__Action item__
Reproduce the data exactly and drop any pictures it holds.

__Given information__
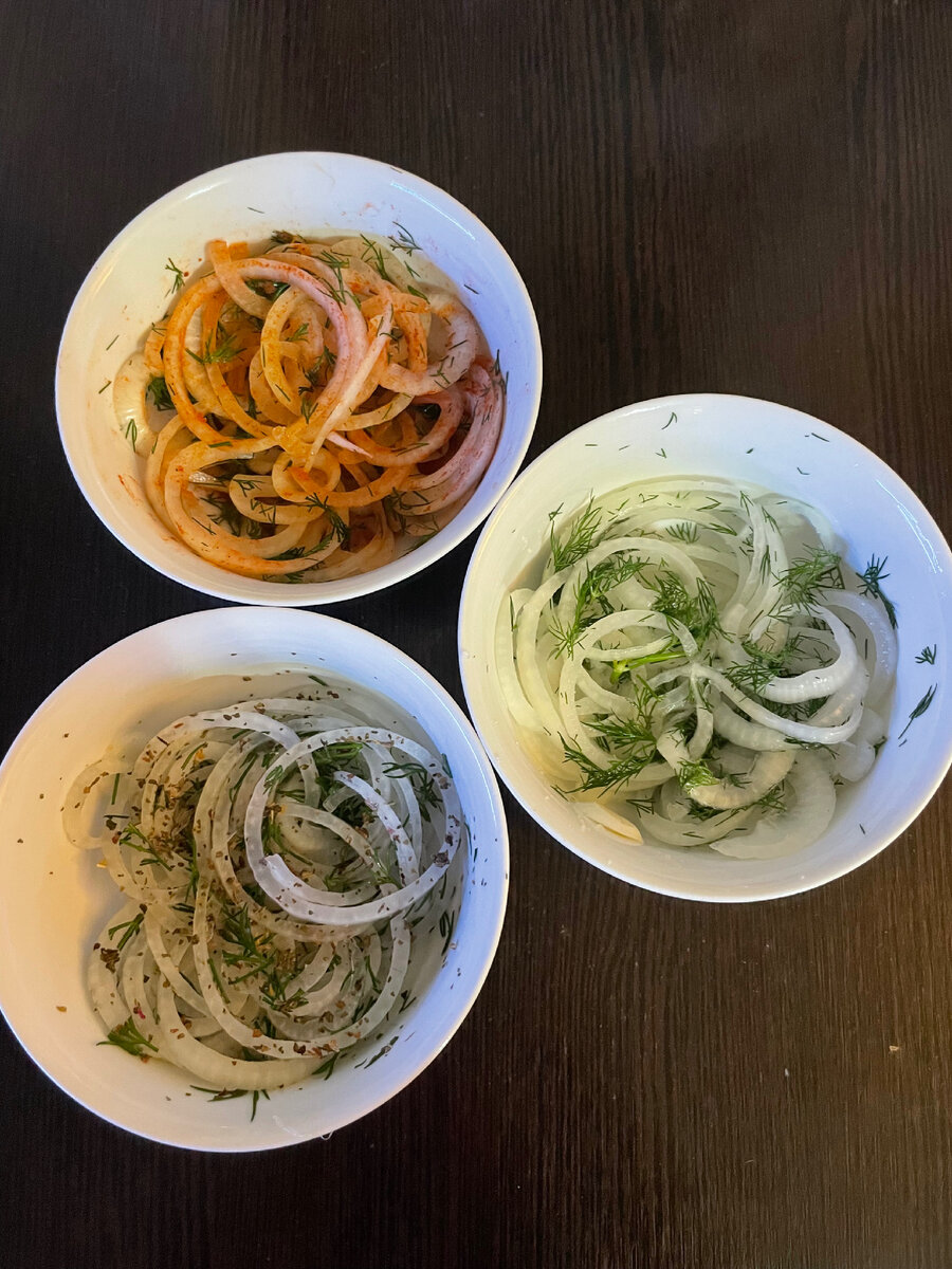Лук-самая лучшая закуска к мясу. А маринованный лук в сто раз вкуснее. Для маринадов нам понадобится: Первым делом нарезаем лук тонкими кольцами и делим их на три равные части. После добавления всех ингредиентов, все тщательно перемешиваем и оставляем в холодильнике на два часа. Эта закуска никого не оставит равнодушным и закончится быстрее основного блюда. Приятного аппетита и до новых рецептов!
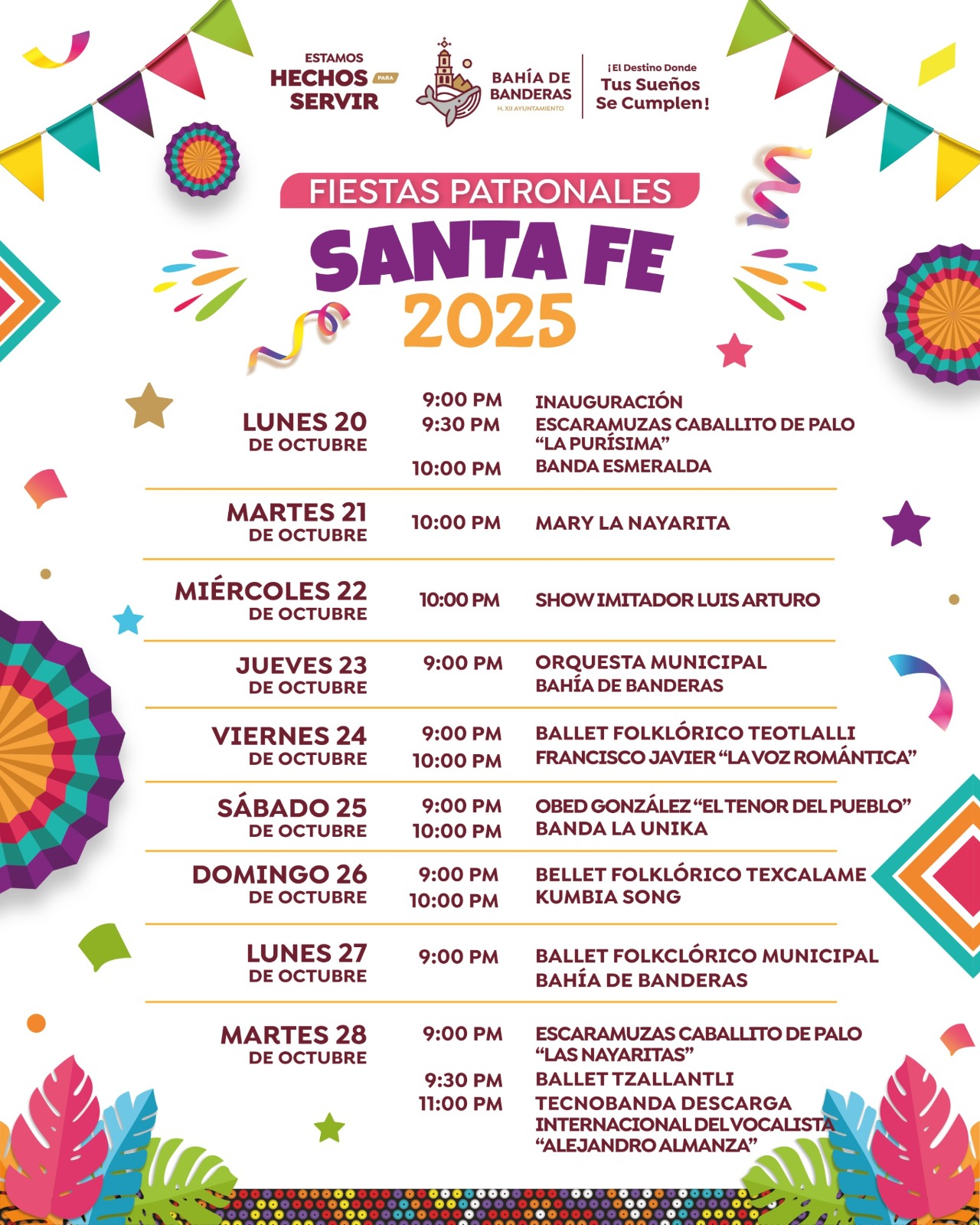 Bahía de Banderas.- El Gobierno Municipal de Bahía de Banderas invita a la ciudadanía a disfrutar de las tradicionales Fiestas Patronales 2025, que se llevarán a cabo en las colonias de Santa Fe, Altavela y Emilio M. González, donde se vivirán días llenos de música, baile y tradiciones que fortalecen la identidad cultural del municipio.
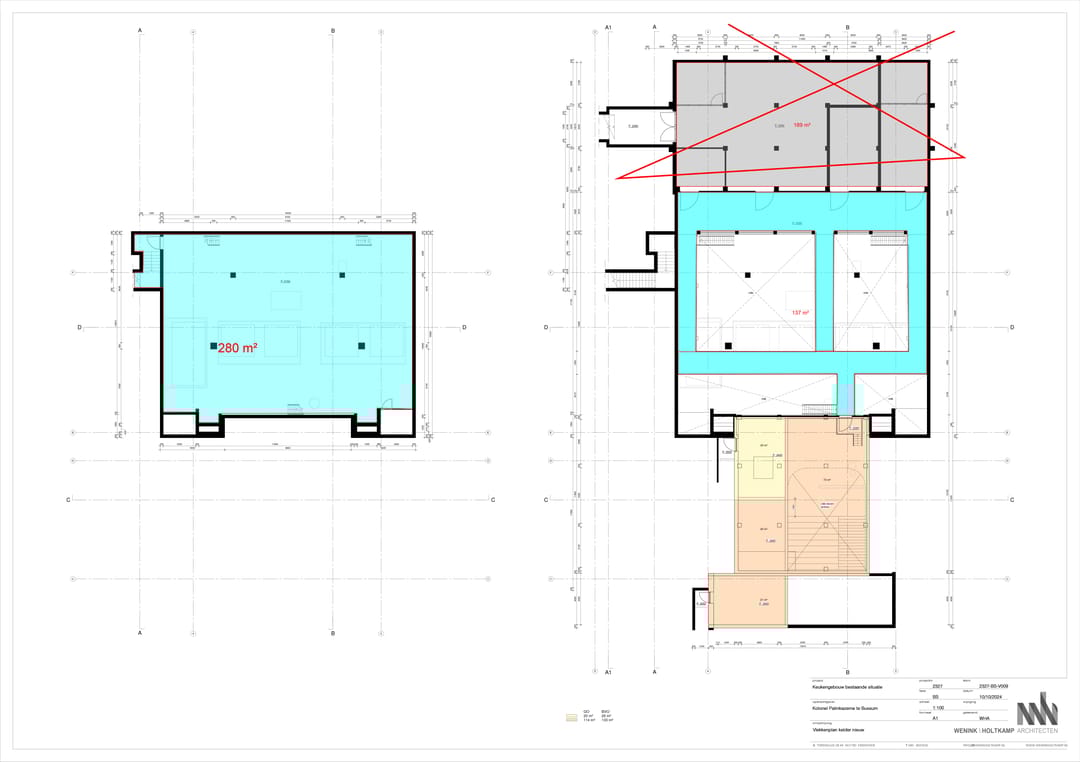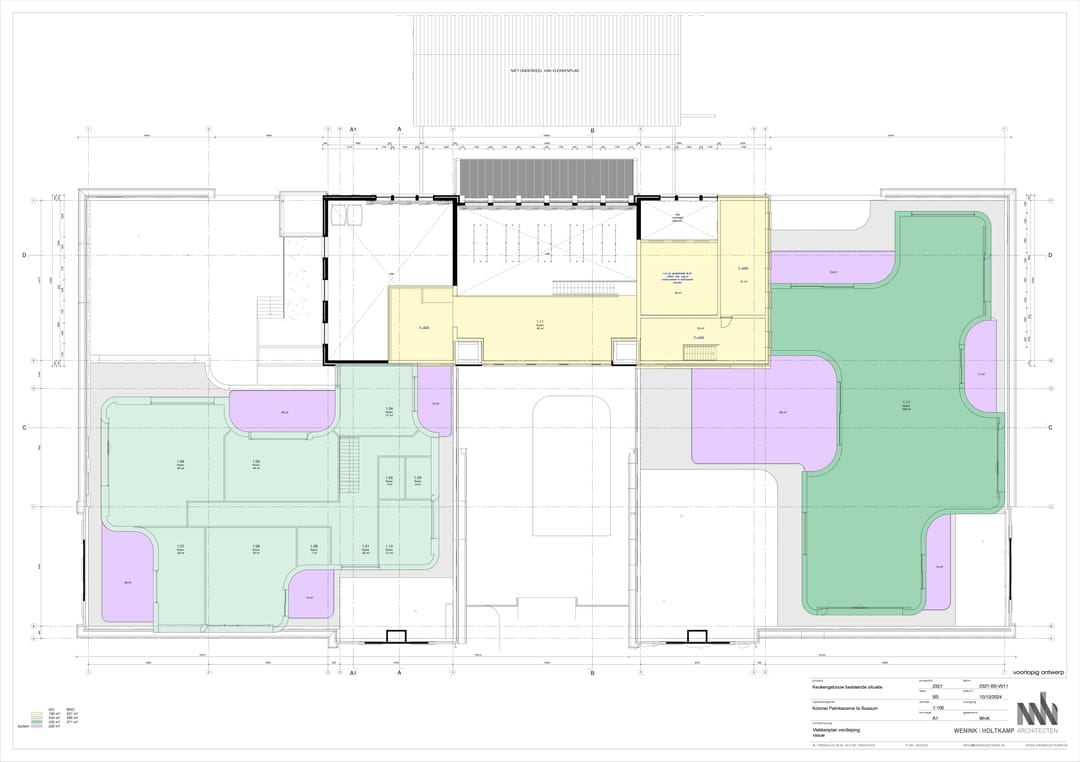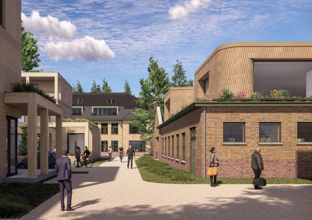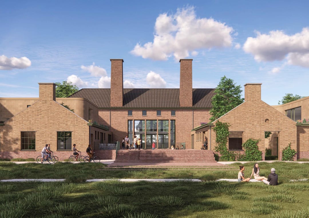 De L-vormige bouwdelen van het huidige gebouw, die in slechte staat verkeren en niet passen bij de nieuwe functie, worden

__Response below__
Лук-самая лучшая закуска к мясу. А маринованный лук в сто раз вкуснее. Для маринадов нам понадобится: Первым делом нарезаем лук тонкими кольцами и делим их на три равные части. После добавления всех ингредиентов, все тщательно перемешиваем и оставляем в холодильнике на два часа. Эта закуска никого не оставит равнодушным и закончится быстрее основного блюда. Приятного аппетита и до новых рецептов!
 Bahía de Banderas.- El Gobierno Municipal de Bahía de Banderas invita a la ciudadanía a disfrutar de las tradicionales Fiestas Patronales 2025, que se llevarán a cabo en las colonias de Santa Fe, Altavela y Emilio M. González, donde se vivirán días llenos de música, baile y tradiciones que fortalecen la identidad cultural del municipio.
 De L-vormige bouwdelen van het huidige gebouw, die in slechte staat verkeren en niet passen bij de nieuwe functie, worden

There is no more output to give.